When billing is enabled, the cost of a call to the Gemini API is determined in part by the number of input and output tokens, so knowing how to count tokens can be helpful.
Count tokens
All input to and output from the Gemini API is tokenized, including text, image files, and other non-text modalities.
You can count tokens in the following ways:
Call
count_tokenswith the input of the request. Returns the total number of tokens in the input only. Make this call before sending input to check the size of your requests.Use the
usageon the interaction response. Returns token counts for input (total_input_tokens), output (total_output_tokens), thinking (total_thought_tokens), cached content (total_cached_tokens), tool use (total_tool_use_tokens), and total (total_tokens).
Count text tokens
Python
from google import genai
client = genai.Client()
prompt = "The quick brown fox jumps over the lazy dog."

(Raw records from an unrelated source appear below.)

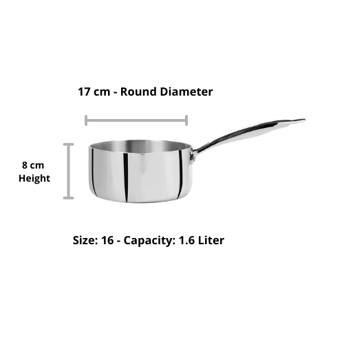 Doniv Titanium Triply Milk Pan inner layer is made of Food Grade Stainless Steel (SS304), middle layer is aluminium for energy efficiency & quick, uniform heat distribution. Outer (SS430) makes it compatible on gas & induction for modern day cooking. What more one requires than a Smart Cookware from Doniv !!
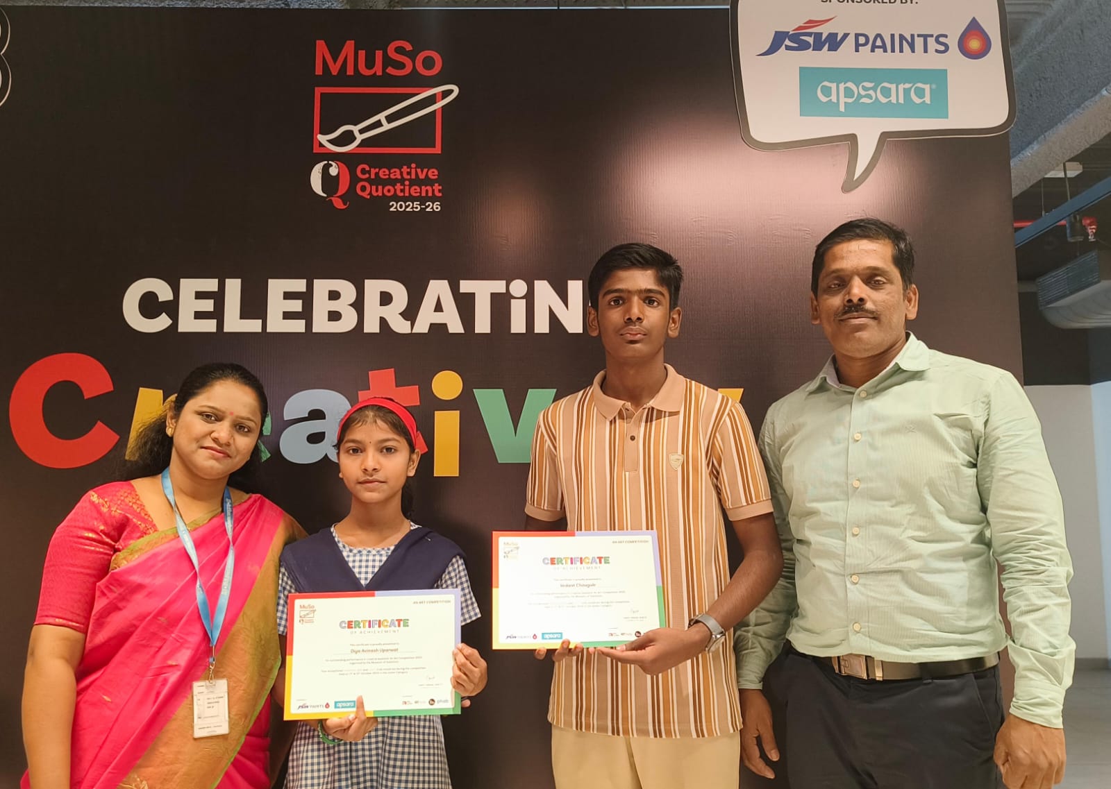आता ही चित्र मुंबईतील म्युझियम ऑफ सोल्युशन्स (MuSo) या नामांकित संग्रहालयात प्रदर्शनासाठी ठेवण्यात येणार आहेत. दिव्या उपर्वट हिने “भविष्यातील पर्यावरण आणि त्यासाठीचे उपाय” या विषयावर प्रभावी चित्र रेखाटले असून, पर्यावरण रक्षणासाठी जागृती निर्माण करणारा संदेश तिच्या चित्रातून झळकतो. तर वेदांत चौघुले याने “माझे स्वप्न” या विषयावर आपल्या कल्पनाशक्तीच्या माध्यमातून‘ मी एक वैज्ञानिक‘ हे प्रेरणादायी चित्र रेखाटले.
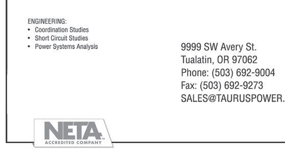 Taurus Power & Controls, Inc. 9999 SW Avery St. Tualatin, OR 97062-9517 (503) 692-9004 Fax: (503) 692-9273 robtaurus@tauruspower.com www.tauruspower.com
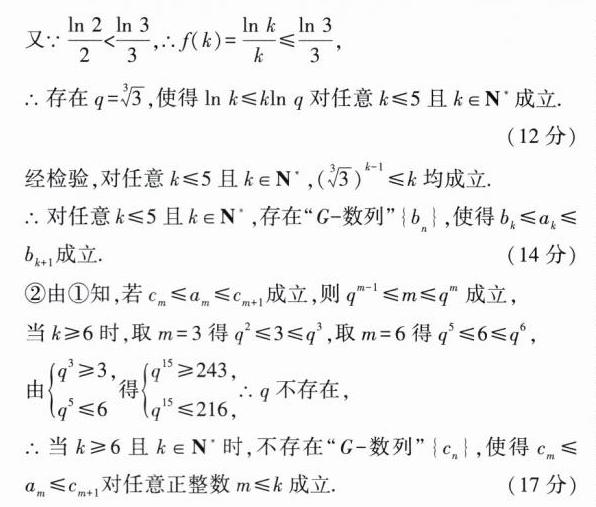 ②当$k\geqslant6$且$k\in N^{*}$时,不存在“$G -$数列”$\{ c_{n}\}$,使得$c_{m}\leqslant a_{m}\leqslant c_{m + 1}$对任意正整数$m\leqslant k$成立.
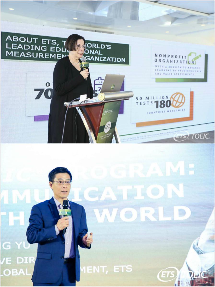 美國ETS國際部總經(jīng)理Shelly Punchatz、托業(yè)產(chǎn)品管理總監(jiān)余峰博士,代表ETS分別出席了上海站、深圳站慶典活動。在慶典活動中,兩位ETS總部高層回顧了TOEIC40年的卓越發(fā)展成就,以及助力全球多個國家及地區(qū)企業(yè)實現(xiàn)國際化發(fā)展的成功案例。他們表示,語言是架起經(jīng)濟和文化的橋梁,托業(yè)已成為全球應(yīng)用最廣泛、最具有含金量的商務(wù)和職業(yè)英語測評標(biāo)準。在國際化的商務(wù)溝通中,TOEIC越來越成為企業(yè)不可或缺的合作伙伴。
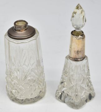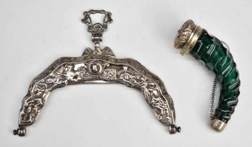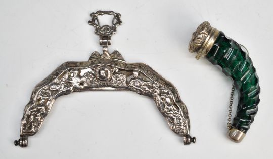 Various hallmarked silver topped and mounted cut glass bottles, hallmarked silver Berthold Muller bag mount, width 12.5cm, weight 92g, hallmarked silver mounted travelling clock, small trumpet shaped cut green glass scent bottle with unmarked silver gilt mounts
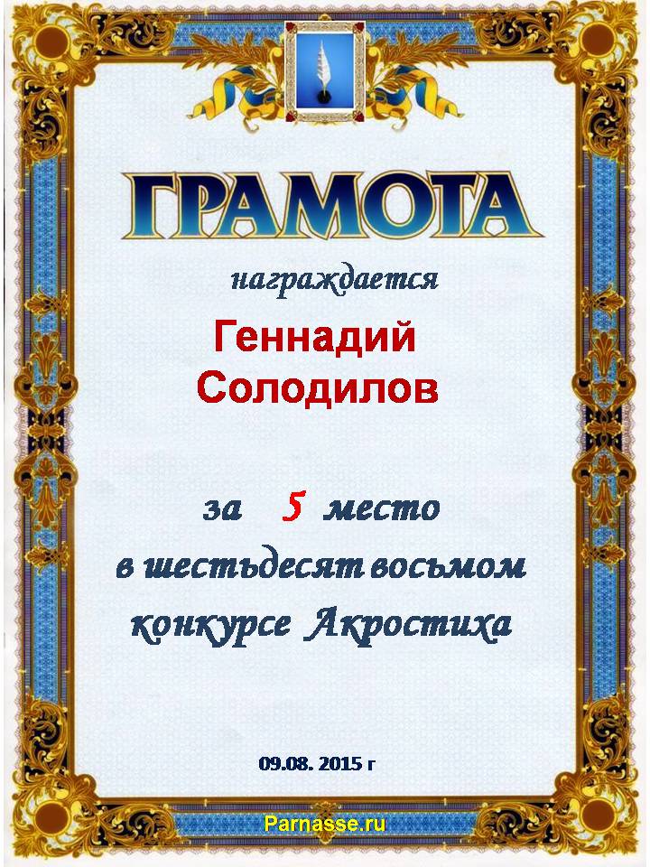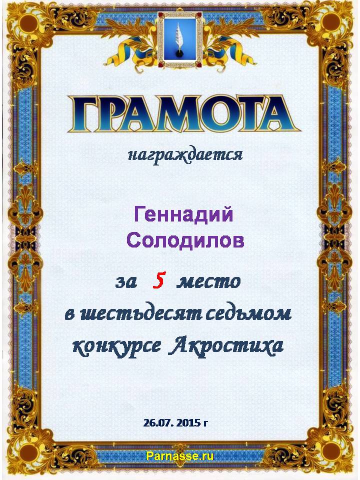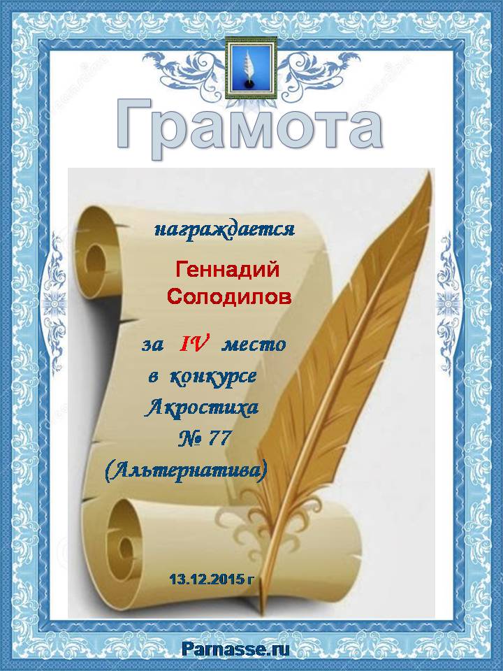 Грамота за четырехкратное 5 место в 96 конкурсе АКРОСТИХА (Альтернатива)! ПОЗДРАВЛЯЮ!

# Count tokens before sending
total_tokens = client.models.count_tokens(
model="gemini-3-flash-preview",
contents=prompt
)
print("total_tokens:", total_tokens)
# Get usage from interaction
interaction = client.interactions.create(
model="gemini-3-flash-preview",
input=prompt
)
print(interaction.usage)
JavaScript
import { GoogleGenAI } from '@google/genai';
const client = new GoogleGenAI({});
const prompt = "The quick brown fox jumps over the lazy dog.";
// Count tokens before sending
const countResponse = await client.models.countTokens({
model: "gemini-3-flash-preview",
contents: prompt,
});
console.log(countResponse.totalTokens);
// Get usage from interaction
const interaction = await client.interactions.create({
model: "gemini-3-flash-preview",
input: prompt,
});
console.log(interaction.usage);
REST
curl -X POST "https://generativelanguage.googleapis.com/v1beta/models/gemini-3-flash-preview:countTokens" \
-H "x-goog-api-key: $GEMINI_API_KEY" \
-H "Content-Type: application/json" \
-d '{"contents": [{"parts": [{"text": "The quick brown fox."}]}]}'
Count multi-turn tokens
Count tokens across conversation history using previous_interaction_id:
Python
# First interaction
interaction1 = client.interactions.create(
model="gemini-3-flash-preview",
input="Hi, my name is Bob"
)
# Second interaction continues the conversation
interaction2 = client.interactions.create(
model="gemini-3-flash-preview",
input="What's my name?",
previous_interaction_id=interaction1.id
)
# Usage includes tokens from both turns
print(f"Input tokens: {interaction2.usage.total_input_tokens}")
print(f"Output tokens: {interaction2.usage.total_output_tokens}")
print(f"Total tokens: {interaction2.usage.total_tokens}")
JavaScript
// First interaction
const interaction1 = await client.interactions.create({
model: "gemini-3-flash-preview",
input: "Hi, my name is Bob"
});
// Second interaction continues the conversation
const interaction2 = await client.interactions.create({
model: "gemini-3-flash-preview",
input: "What's my name?",
previousInteractionId: interaction1.id
});
console.log(`Input tokens: ${interaction2.usage.totalInputTokens}`);
console.log(`Output tokens: ${interaction2.usage.totalOutputTokens}`);
Count multimodal tokens
All input to the Gemini API is tokenized, including images, video, and audio. Key points about tokenization:
- Images: Images ≤384 pixels in both dimensions count as 258 tokens. Larger images are tiled into 768x768 pixel tiles, each counting as 258 tokens.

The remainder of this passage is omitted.